X-ray plain film examination can not show the meniscus shape, mainly used to exclude other lesions and injuries of the knee joint, joint air angiography, iodine solution contrast, or air-iodine solution comparison should be a small auxiliary diagnosis method, but it has been Replaced by MRI, ultrasound is still in the experimental stage. The resolution of the MRI film can clearly show whether the meniscus is deformed or broken, and can also detect the damage of joint effusion and ligament, but its accuracy is not as good as arthroscopy. Arthroscopy is a new technology. In recent years, the extensive use of endoscopic techniques has further hindered the disorder of the knee joint. It can not only find the meniscus injury that is difficult to detect by imaging examination, but also find out whether there is a cross between the younger brothers. Articular cartilage and synovial lesions can be used not only for diagnosis but also for endoscopic surgery, such as biopsy and meniscal repair and partial resection.

Diagnosis

Diagnosis and diagnosis of knee joint injury

Most patients have a clear history of knee sprains. After the injury, the knee has severe pain, can not automatically straighten, and the joints are swollen. The tenderness at the knee joint is an important basis for meniscus injury.

1. Only some cases of acute injury have a history of trauma, and there is no clear history of trauma in chronic cases.

2, more common in athletes and manual workers, more men than women.

3, after the injury, the knee joint is very painful, stretched and not straight, and swollen quickly, the page has blood in the joint.

4. After the acute phase, it will be transferred to the chronic phase. At this time, the swelling is not obvious, the joint function has been restored, but the joint pain is always felt. There is a ringing during the activity. Sometimes, when the activity is suddenly heard, the joint can not be straightened, and the painful wave is a few calves. When you hear the "" sound joint, you can straighten it. This phenomenon is called joint interlocking. It can happen occasionally or frequently. Frequent seizures affect daily life and exercise.

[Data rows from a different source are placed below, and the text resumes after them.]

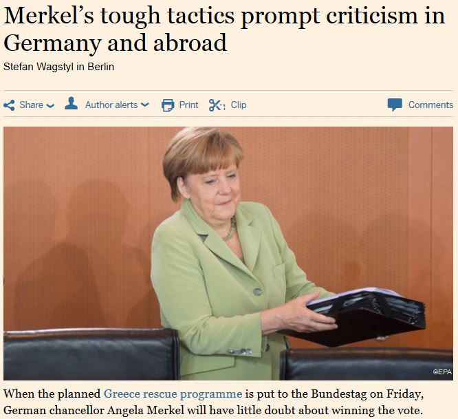 Η σκληρή τακτική της γερμανίδας καγκελαρίου Α. Μέρκελ απέναντι στο ελληνικό ζήτημα ανάβει την κριτική τόσο στη Γερμανία όσο και στο εξωτερικό, γράφουν οι Financial Times.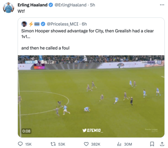 상황은 이러했다. 후반 추가시간 4분 맨시티는 역습을 전개했다. 로드리의 공을 받으러 내려오던 홀란은 토트넘의 에메르송 로얄의 태클에 걸려 그만 넘어지고 말았다. 홀란은 빠르게 일어나 공격을 이어갔다. 어드밴티지를 얻은 것.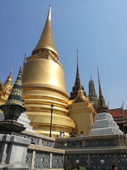 Irgendwie war es auch eine skurrile Situation. Der Tempel des Smaragdbuddhas gehört zu den Plätzen höchster Verehrung in ganz Thailand, das bedeutet, viele beten davor und dahinter schieben sich die Touris vorbei. Zum anderen stehen viele Thailänder in einer endlosen Schlange, um den Sarg des Königs noch einmal zu sehen. Ich stelle mir das bei uns vor. Zum Gottesdienst kommt eine Gruppe Chinesen in die Kirche und fotografiert drauf los.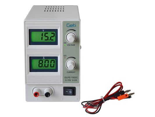 Laboratorní zdroj Geti pro napájení různých elektronických zařízení plynule reguluje výstupní napětí a výstupní proud. Spolehlivě udržuje nastavené hodnoty bez ohledu na kolísání napájecího napětí nebo připojenou zátěž. Zařízení je opatřeno ochranou proti zkratu tak, aby v případě nenadálé události bylo bezpečné pro uživatele a zároveň nedošlo k jeho zničení. Napájecí zdroj je vhodný pro práci v laboratořích, dílnách, výrobě, ale také jako učební pomůcka ve školách.
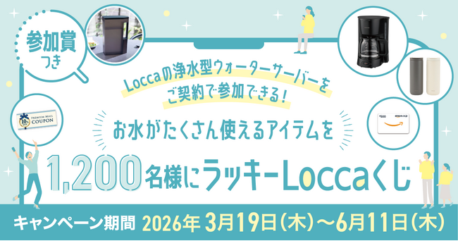 良質な水を育む日本有数の水源地から採取した天然水を、おいしさもミネラル分もそのままに保つ非加熱処理を施しご家庭に提供しているプレミアムウォーター株式会社(所在地:東京都渋谷区、代表取締役社長:金本 彰彦)は、『参加賞つき!ラッキーLoccaくじ』を2026年3月19日(木)から開始いたします。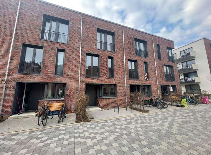 Auf einer Wohnfläche von mehr als 128 m² bietet dieses 2021 erbaute Reihenhaus viel Raum für jedes Familienmitglied. Verteilt auf drei Etagen, verfügt das schöne Mietobjekt über ein Wohn- und Esszimmer mit offenem Küchenbereich, vier Schlafzimmer, zwei Badezimmer und ein Gäste-WC.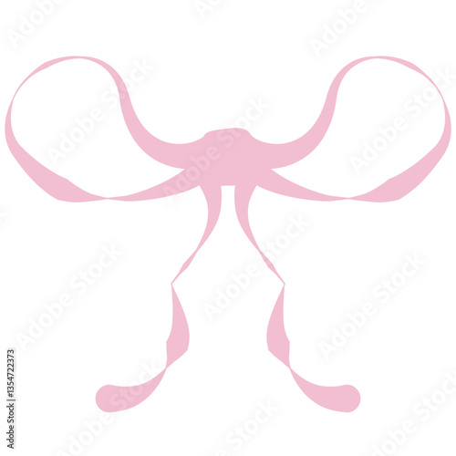 Elegant Coquette Pink Ribbon Bow Illustration – Hand-Drawn Pastel Vector Clipart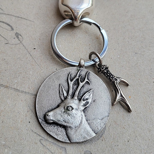 Der Rehbock-Anhänger besteht aus Zinkguss, ist versilbert und zeigt ein feines, gut erkennbares Wildmotiv.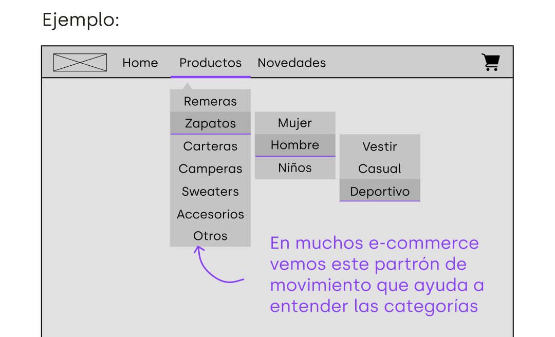 Este principio se aplica, por ejemplo, en barras de navegación complejas, donde aparecen varios elementos desplegables, como en las categorías de los e-commerce.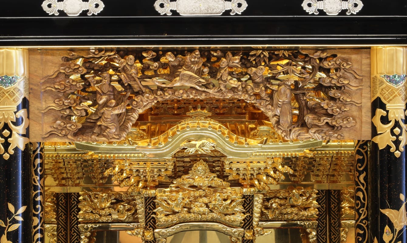 金箔や螺鈿などの豪華絢爛な装い、 人の手による温かみのある木彫り・金具細工、 やさしく華やかな蒔絵、 厳かで気品漂う漆細工など、 その全ては北陸の人々の祈るこころや思いが形を成し、 現在の金沢仏壇として産み出されたのだと考えます。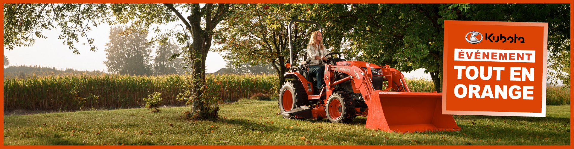 Valid at participating Kubota dealers in Canada. Discount valid on purchase of new equipment only as marked. To receive the discount coupon, customer must register at the participating Kubota Canada dealer between April 1st to June 30th, 2026. Coupon cannot be used in combination with other coupons or any other special discount (i.e. government, multiple, on-line, price fighter discounts, special client, direct mailer or policy type discounts). Coupon value will be deducted before taxes. Coupon: (i) cannot be applied to past transactions; (ii) has no cash surrender or other value; and (iii) expires after 30 days. Customer will have 30 days to redeem the discount on the applicable new equipment purchase. Some conditions apply, please see your participating Kubota dealership for more details. National promotions and the Big Orange Event can be combined on equipment as indicated.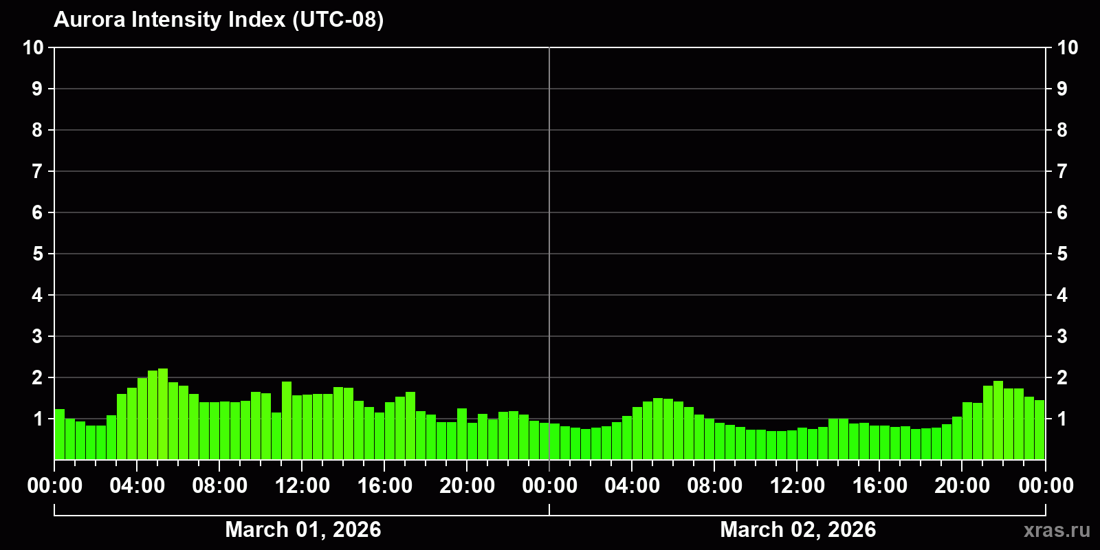 Changes in the auroral intensity index from 2026-03-01 to 2026-03-02 local time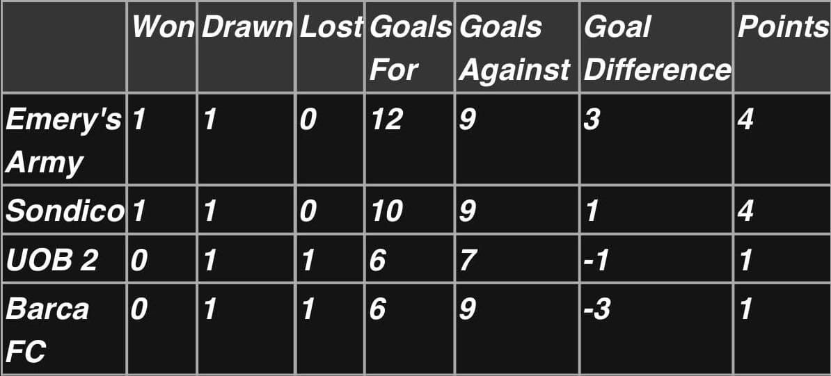 The first round of the tournament was on the 26th October from 18:30-20.00, and it had 4 teams taking part: Emery's Army, Sonic, UOB 2 and Barca FC. They all played 2 matches each with Emery's Army at the top of the table with 4 points, and a +3 goal difference creating distance between them and second placed Sondico. I wasn't present at this first round, however Joe Leaver said that the tournament had been successful and was looking forward to the second round.
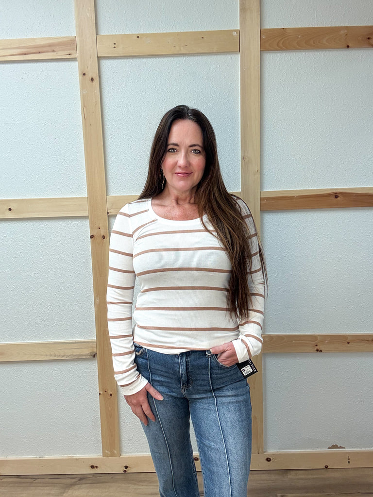 Super soft long sleeve tee is great for cooler summer days & nights! Runs a little small. Rachel is wearing a medium. 96% Rayon 4% Spandex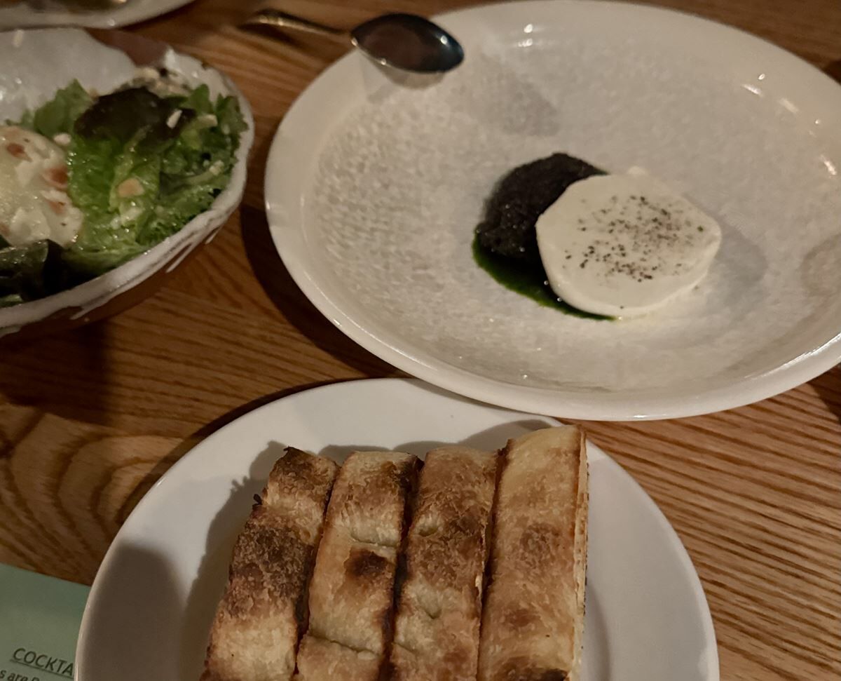 Along with cocktails, we ordered a few starters for the table. The Greener Roots Gem Lettuce salad had crunchy toasted almonds, crisp apples, and Manchego cheese topped with a tangy chardonnay vinaigrette. Also to start, we had an incredible and luxurious offering from their menu— their Burrata & Caviar: one ounce of Royal Belgian Osetra caviar served with the creamiest burrata, a bright herb oil and crispy toasted foccacia. It was a perfectly rich and wonderful couple of bites.
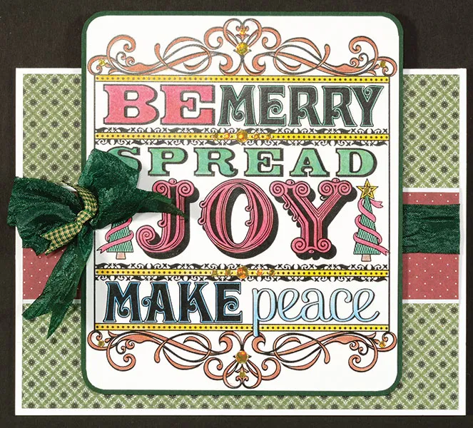 Cut out “it’s the most wonderful time of year” and “wishing you the special gifts…” from the Christmas Cheer sayings paper. Mat each on white cardstock with 1/16" borders, then on green cardstock with 1/8" borders. Glue “it’s the most…” sentiment to the upper left as shown.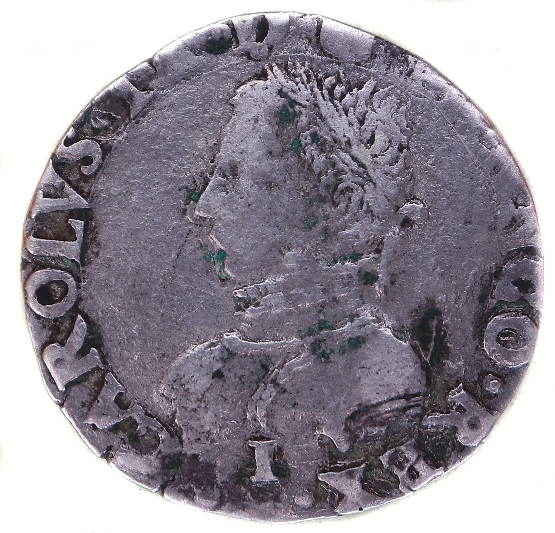 .CAROLVS.IX.D.G.FRANCO.REX. I Charles IX par la grâce de Dieu roi des Francs Buste du roi, à droite, cuirassé

5, the signs of chronic stage have joint space tenderness, bouncing, knee flexion contracture and femoral medial muscle weak, along the joint space squeaking, you can check the tender point, according to the tender point, you can check the tender point, according to tenderness At the point of the point, it can be roughly judged that the anterior horn, the body or the posterior horn is torn. The horizontal cleavage of the anterior horn can be seen when the knee joint is flexed and stretched, and the knee joint is bounced. It is difficult to unlock the plate under the femoral condyle for a long time, and the atrophy of the muscle in the femur is disuse, and the sign indicates that the internal result of the knee joint is disordered.